The Geopolitical “China+1” Imperative: Global corporations, from Apple to Siemens, are actively diversifying their supply chains away from an over-reliance on China due to trade tensions and pandemic-era disruptions. India, with its democratic credentials, large workforce, and growing technical skill, is a prime beneficiary. This isn’t just about foreign companies coming in; it creates a massive “ancillary and component” opportunity for Indian startups to become certified suppliers to these global giants, integrating into international value chains.
Sunrise Sectors for the Maker-Entrepreneur
The opportunities are not in traditional, low-margin, heavy industries but in technology-driven, precision manufacturing sectors.
Electronics Manufacturing Services (EMS) & Componentry: The PLI for Large Scale Electronics Manufacturing has already made India the second-largest mobile phone producer globally. The next wave is in components: battery packs, displays, camera modules, printed circuit boards (PCBs), and semiconductor assembly. Startups like Boson Quantum Energy (battery packs) are emerging to feed the giant assembly hubs.
Defence & Aerospace: With India aiming for self-reliance (Atmanirbharta) in defence, the government is actively procuring from private players and mandating offsets. This opens doors for startups in drone technology, avionics, specialized textiles, and advanced materials. The barrier is high (certifications, long cycles), but the margins and moats are substantial.

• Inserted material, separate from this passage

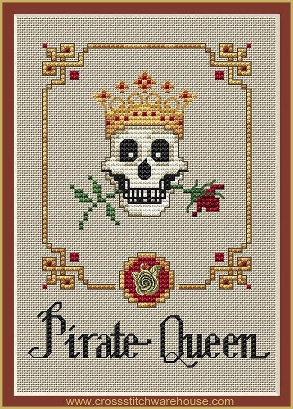 Pirate Queen... Cross Stitch CHART by Sue Hillis Designs. Size: 3.8"x 5.7" (9.6 x 14.5cm) Cross Stitch Size is: 53 x 71 stitches. Argh! Meet our collection Pirates! Who says the leader of the pack has to be a king? What a joke. The head of this ship is a pirate Queen, complete with red rose gripped in a toothsome grin to show the world her rough tough feminine side. A pirate queen always accessorizes with her treasures, so the design includes a detailed gold-toned rose charm. When cross stitched on 14ct. Lite Khaki, Parchment or, Beige, for 28ct. "over two threads" use a Matching Linen or Evenweave, this design fits perfectly into a standard 5"x 7" Frame.
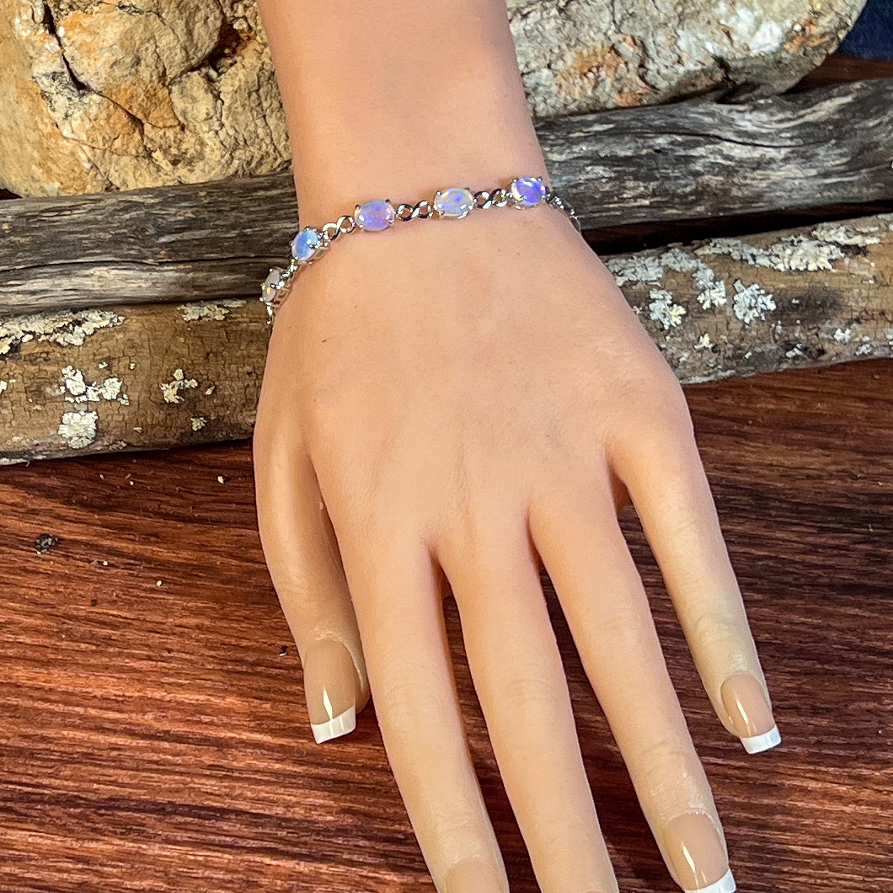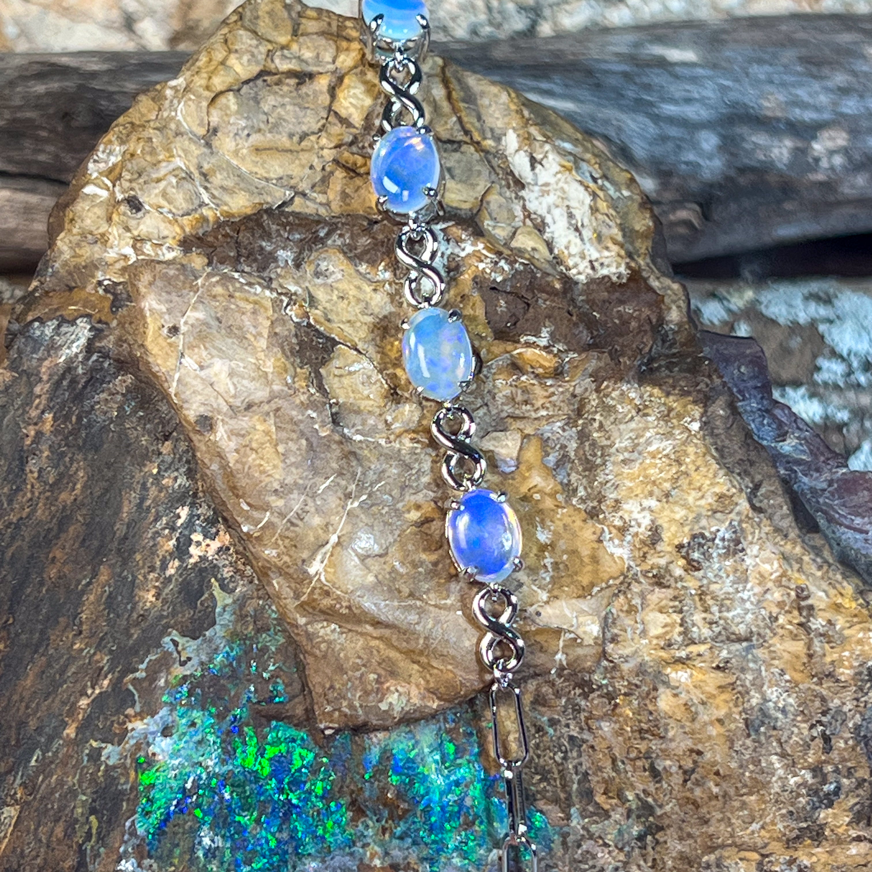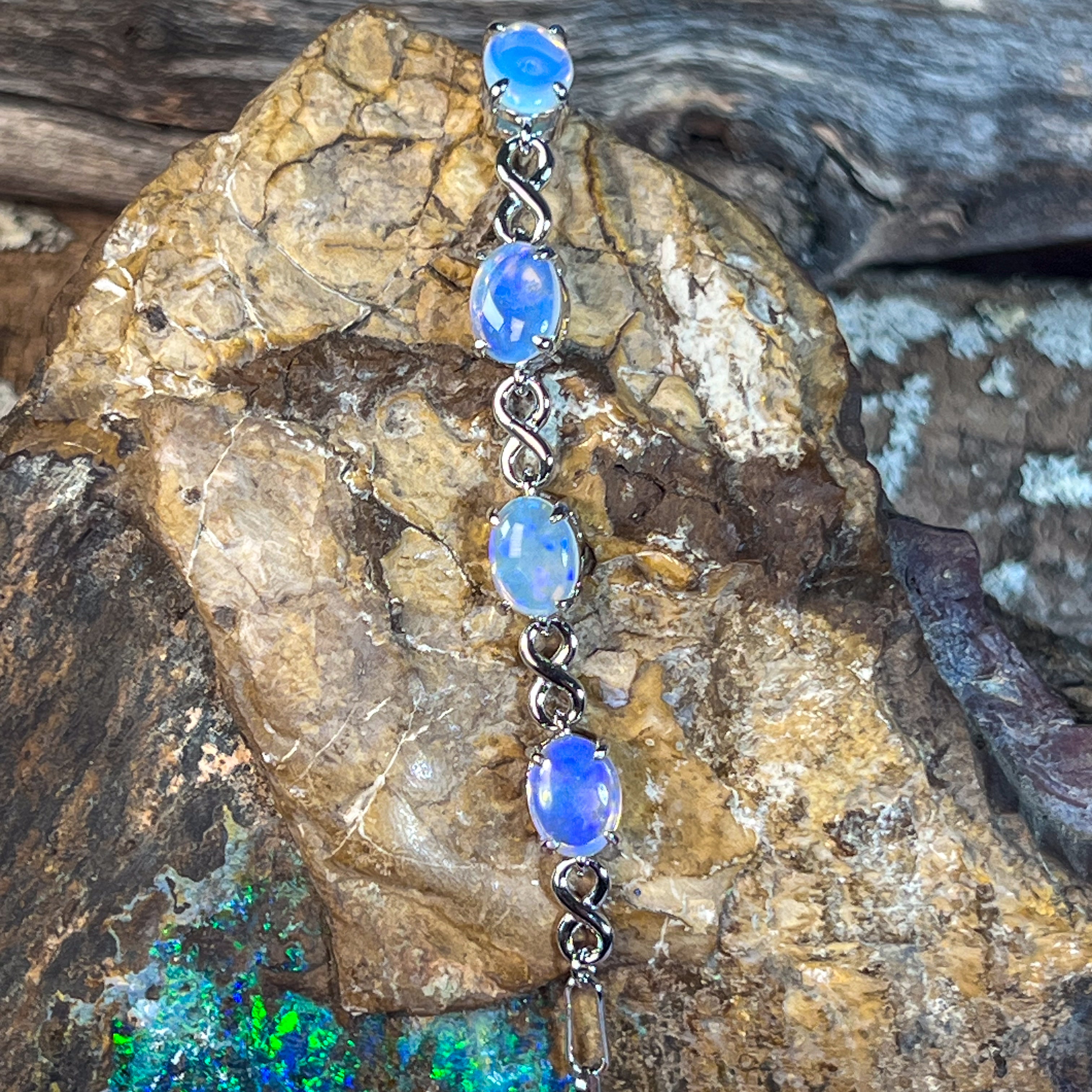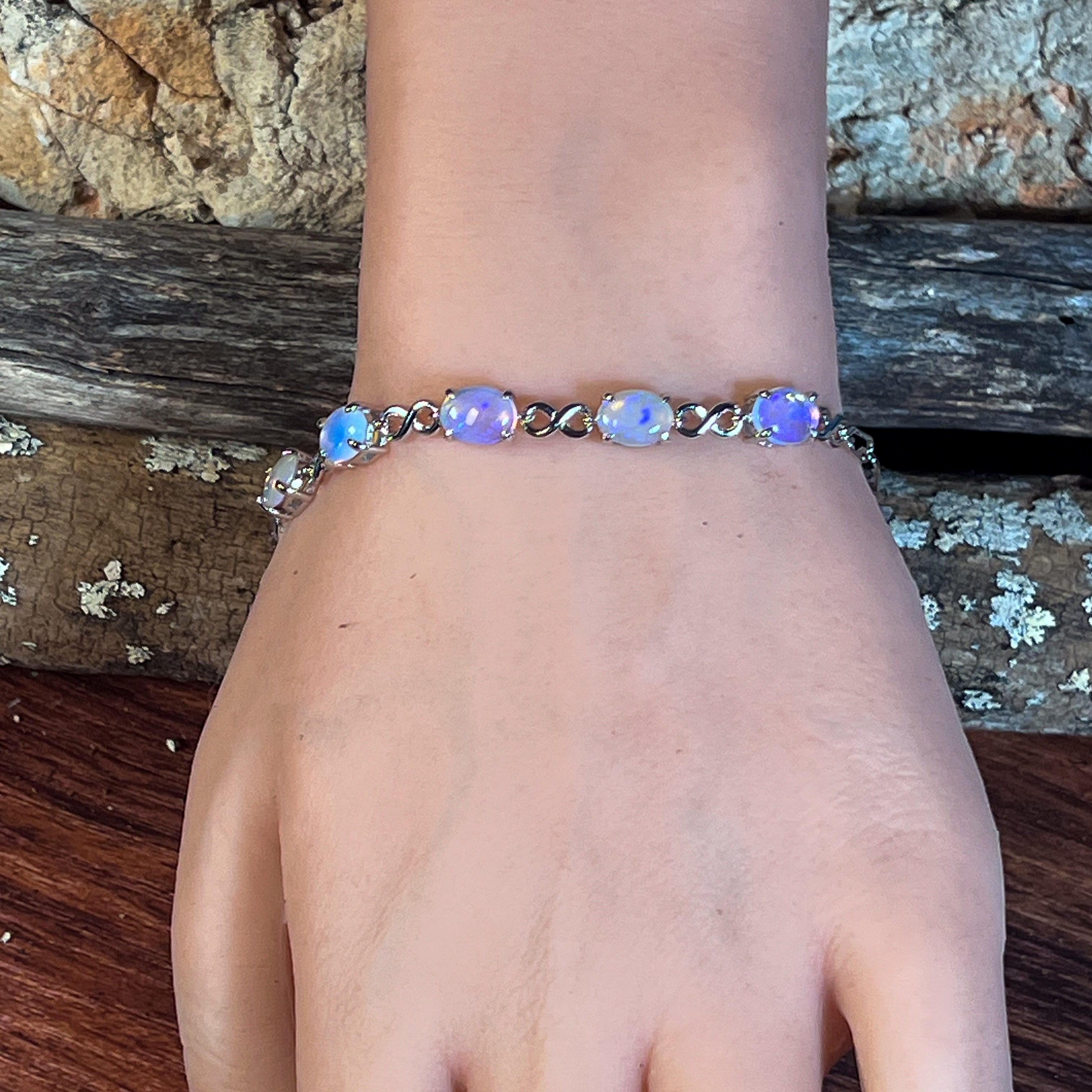 Elevate your style with this sterling silver bracelet featuring a sleek infinity design, symbolizing endless elegance. Adorned with luminous 8x6mm light opals, it captures light beautifully, adding a subtle yet captivating glow to any outfit. Perfect for daily wear or special occasions, this bracelet blends timeless symbolism with modern sophistication.

Green Technology & Renewable Energy: The net-zero commitment is driving a manufacturing boom in solar modules, electrolyzers for green hydrogen, advanced energy storage systems, and EV components (beyond just cells, into battery management systems, powertrains, and charging infrastructure). This is a global-scale opportunity with domestic demand anchors.
The White Space: The Component & Ancillary Gold Rush
The most fertile ground for new entrepreneurs lies not in final assembly, but in the layers beneath—the often-imported sub-assemblies, precision parts, and specialty chemicals that go into finished products.
The Import Substitution Thesis: India still imports over $400 billion worth of goods annually, a significant portion being intermediate goods. A startup that can locally manufacture a high-quality precision spring, a specific polymer gasket, or a specialty chemical with a 10-15% cost advantage (aided by PLI and lower logistics cost) has a ready-made market.
Building for Global Standards: The key is to not just make for India, but to manufacture to global quality and certification standards (ISO, AS9100 for aerospace, etc.) from day one. This allows the business to supply to multinationals within India and eventually export, de-risking from a single customer or market.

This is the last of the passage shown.